◆ Description of the task: Please repeat the records word for word and skip the pictures.

◆ Exercise input:
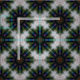 En explosion av geometriskt bildar i kaleidoscopestilavbrott och snurrande i grönt, blått som är röda som är rosa som är gula och aqua.
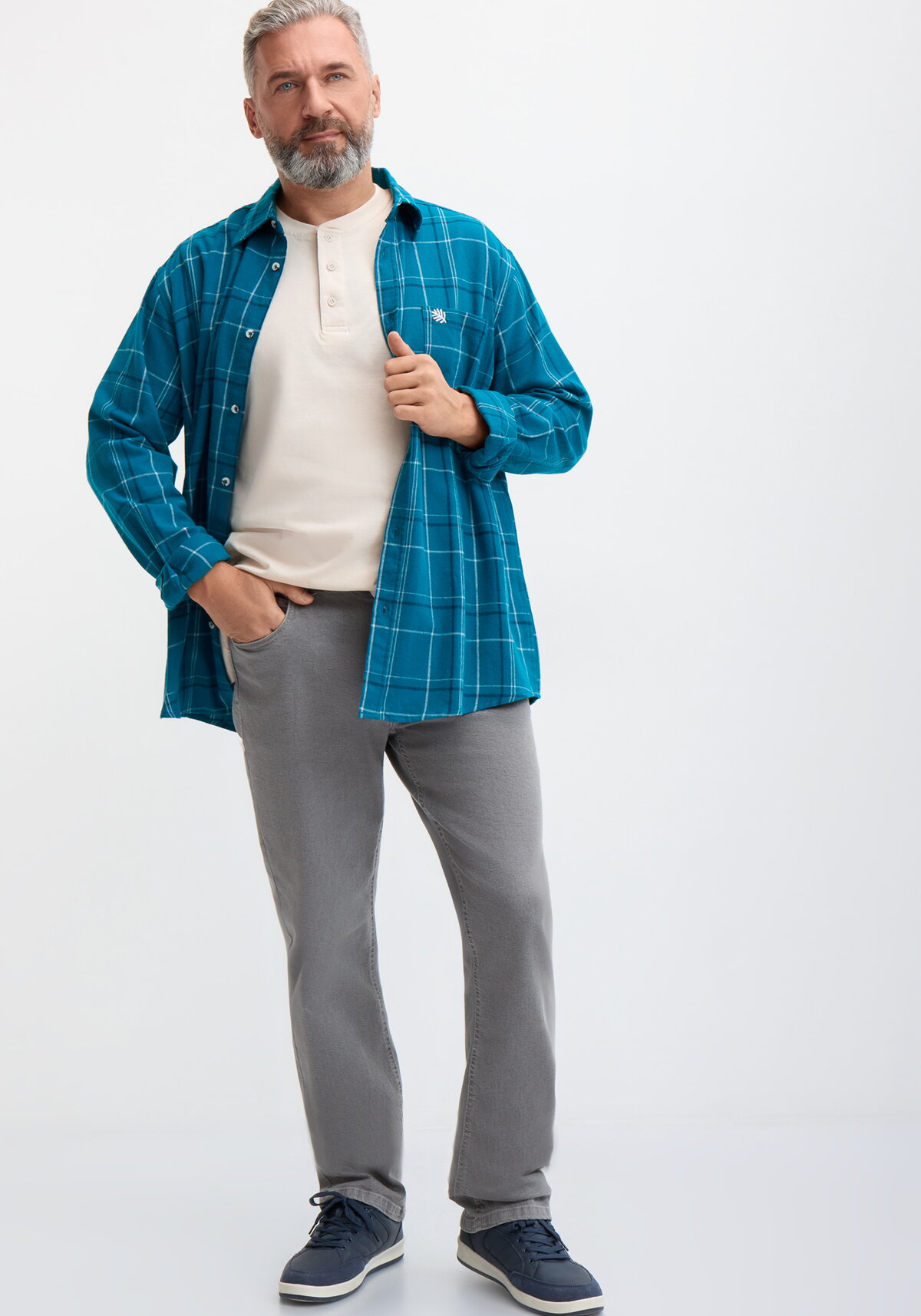 Прочные джинсы из эластичного денима. Прямой крой делает изделие подходящим для любой фигуры. Джинсы снабжены 2 косыми карманами с заклепками, 1 передним кармашком и 2 задними накладными карманами. Плоский пояс со шлевками застегивается на молнию и круглую пуговицу. Модель прошита контрастной охровой строчкой.
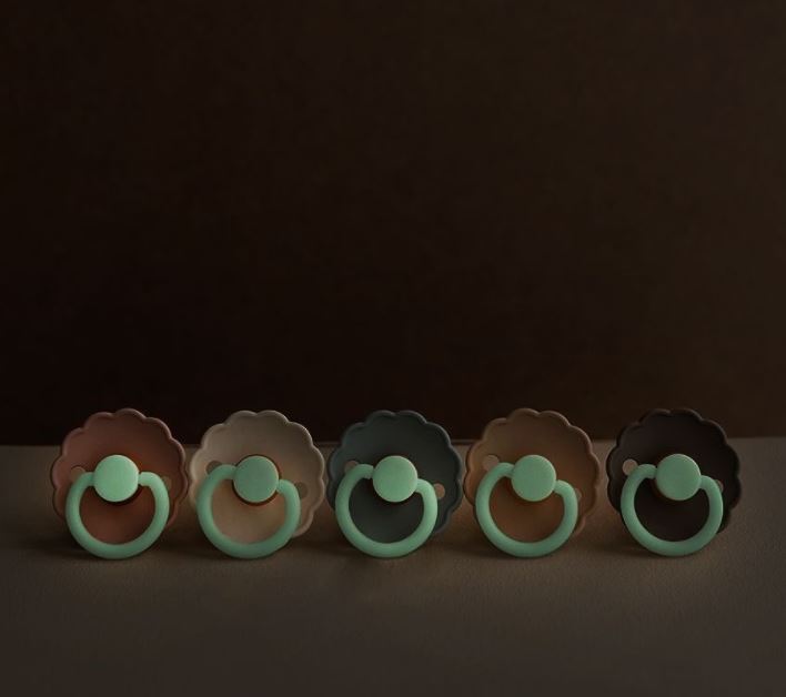 Bij De Gele Flamingo vind je prachtige BIBS en FRIGG glow-in-the-dark fopspenen, gemaakt van veilig, BPA-vrij materiaal. Ze laden vanzelf op in het licht en geven daarna een zacht gloedje af. Handig voor ouders, maar ook geruststellend voor baby’s en peuters die hun speentje ’s nachts zelf willen terugvinden.
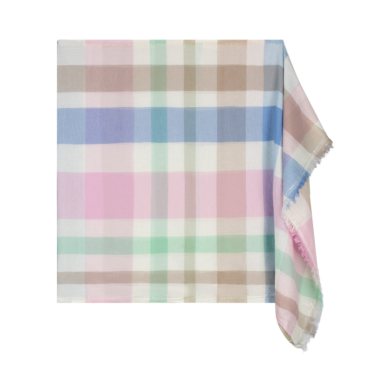 Sjaal met geruite print in roze, blauw, zand kleurstelling. De sjaal heeft een smal franje randje aan de uiteinden.
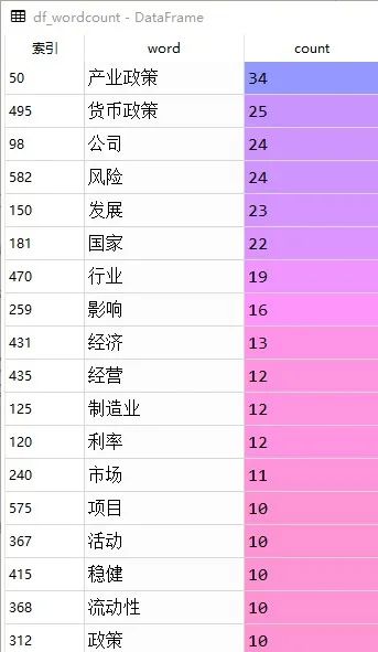 要分析这种影响,首先需要查找相关政策关键字在公告中的位置,然后读取关键字的上下文,再对这些文字进行分词、共词分析等处理、展现。
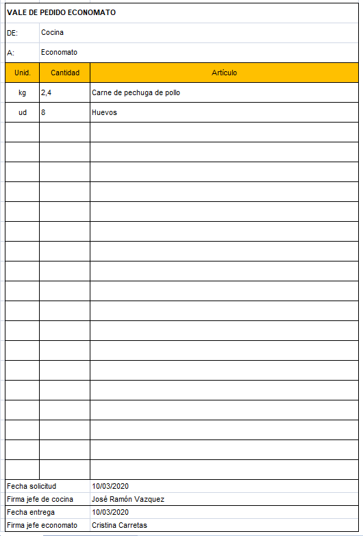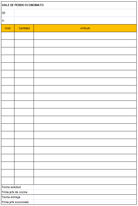 - En base a la ficha técnica y teniendo en cuenta el parte de consumos diarios o relevé, el jefe de cocina hace el pedido correspondiente al economato usando el vale de pedido.
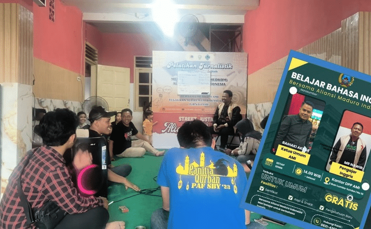 SURABAYA – METROPAGINEWS.COM || Dalam upaya meningkatkan kemampuan komunikasi dan daya saing masyarakat di era global, Aliansi Madura Indonesia (AMI) menggelar pelatihan Bahasa Inggris gratis setiap hari Senin pukul 14.00 WIB di kantor DPP AMI, Jl. Ikan Lumba-Lumba I No. 10, Surabaya.

◆ Answer space:
 En explosion av geometriskt bildar i kaleidoscopestilavbrott och snurrande i grönt, blått som är röda som är rosa som är gula och aqua.
 Прочные джинсы из эластичного денима. Прямой крой делает изделие подходящим для любой фигуры. Джинсы снабжены 2 косыми карманами с заклепками, 1 передним кармашком и 2 задними накладными карманами. Плоский пояс со шлевками застегивается на молнию и круглую пуговицу. Модель прошита контрастной охровой строчкой.
 Bij De Gele Flamingo vind je prachtige BIBS en FRIGG glow-in-the-dark fopspenen, gemaakt van veilig, BPA-vrij materiaal. Ze laden vanzelf op in het licht en geven daarna een zacht gloedje af. Handig voor ouders, maar ook geruststellend voor baby’s en peuters die hun speentje ’s nachts zelf willen terugvinden.
 Sjaal met geruite print in roze, blauw, zand kleurstelling. De sjaal heeft een smal franje randje aan de uiteinden.
 要分析这种影响,首先需要查找相关政策关键字在公告中的位置,然后读取关键字的上下文,再对这些文字进行分词、共词分析等处理、展现。
 - En base a la ficha técnica y teniendo en cuenta el parte de consumos diarios o relevé, el jefe de cocina hace el pedido correspondiente al economato usando el vale de pedido.
 SURABAYA – METROPAGINEWS.COM || Dalam upaya meningkatkan kemampuan komunikasi dan daya saing masyarakat di era global, Aliansi Madura Indonesia (AMI) menggelar pelatihan Bahasa Inggris gratis setiap hari Senin pukul 14.00 WIB di kantor DPP AMI, Jl. Ikan Lumba-Lumba I No. 10, Surabaya.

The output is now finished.